Em sua época, a Proclamação da República foi imensamente impopular. Para ter uma ideia, nas últimas eleições do Império, em agosto de 1889, os republicanos só haviam feito dois deputados. E 1893 era um ano particularmente infeliz para o novo regime: Floriano Peixoto enfrentava duas revoltas, a da Armada e a Federalista, governando como um ditador.
Calixto, um autodidata, se tornaria famoso depois por outro tipo de pintura histórica, não de cenas, mas de indivíduos que se firmaram na identidade paulista, como o patriarca José Bonifácio de Andrada e Silva (retratado em 1901) e o bandeirante Domingos Jorge Velho (1902). Ambos de momentos históricos anteriores à República.

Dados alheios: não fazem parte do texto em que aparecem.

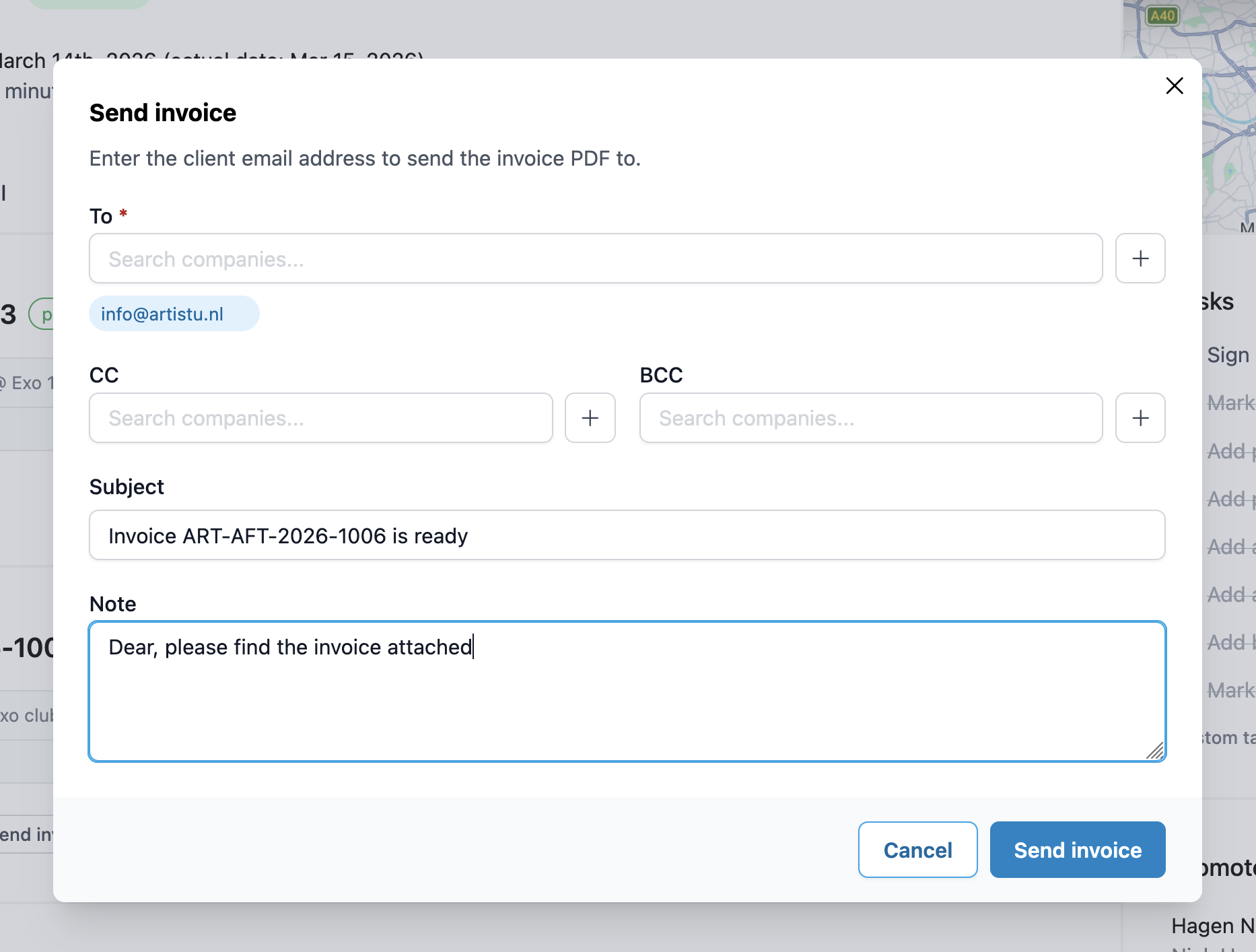 Générez une facture depuis votre réservation en deux clics. Envoyez-la directement au client par e-mail, ou via la facturation Peppol pour les agences européennes. La facture arrive dans le système comptable du client sans que personne n'ait à imprimer ou joindre un fichier.

O Campo de Santana, local onde ficava o Comando do Exército e também o Senado, a Casa da Moeda, a Prefeitura e a Estação D. Pedro II, era um pântano até o século 18. O nome oficial, que nunca colou, era Campo da Aclamação, pois ali havia sido — ironicamente — aclamado dom Pedro I como imperador.
O movimento começou com o marechal Deodoro convocando as tropas no Comando do Exército — o prédio grande que aparece à direita. Não eram as únicas tropas da cidade, mas não houve choque. Até o fim do dia, o imperador entregaria o governo aos republicanos, sem nenhuma tentativa de resistência.
Desde a Guerra do Paraguai, as Forças Armadas sentiam que estavam perdendo prestígio, com baixos salários e diversas humilhações vindas de civis no governo. Em anos recentes, o afastamento de dois coronéis pelo ministro da Guerra, que era civil, acabou empurrando os militares em direção ao republicanismo.
A fumaça indica que os canhões haviam sido disparados. Mas essa foi uma revolução sem tiros: os conspiradores simplesmente ocuparam prédios e deram ordem de prisão a autoridades imperiais. Ou é uma licença poética ou eram disparos de festim, celebrando a proclamação do marechal Deodoro.
Membro do Partido Conservador e amigo pessoal de dom Pedro II, o marechal Deodoro da Fonseca não queria derrubar o governo — ao menos não no começo. Ele foi convencido que havia uma ordem de prisão para ele — invenção do major Frederico Sólon. Então mudou de lado e bravou "Viva a república."
Apenas os militares têm faces reconhecíveis. Civis (se de fato são civis) se limitam a algumas poucas pessoas próximas das casas ao fundo, observando com indiferença. Nas imortais palavras do futuro ministro Aristides Lobo, “O povo assistiu bestializado à proclamação da República”.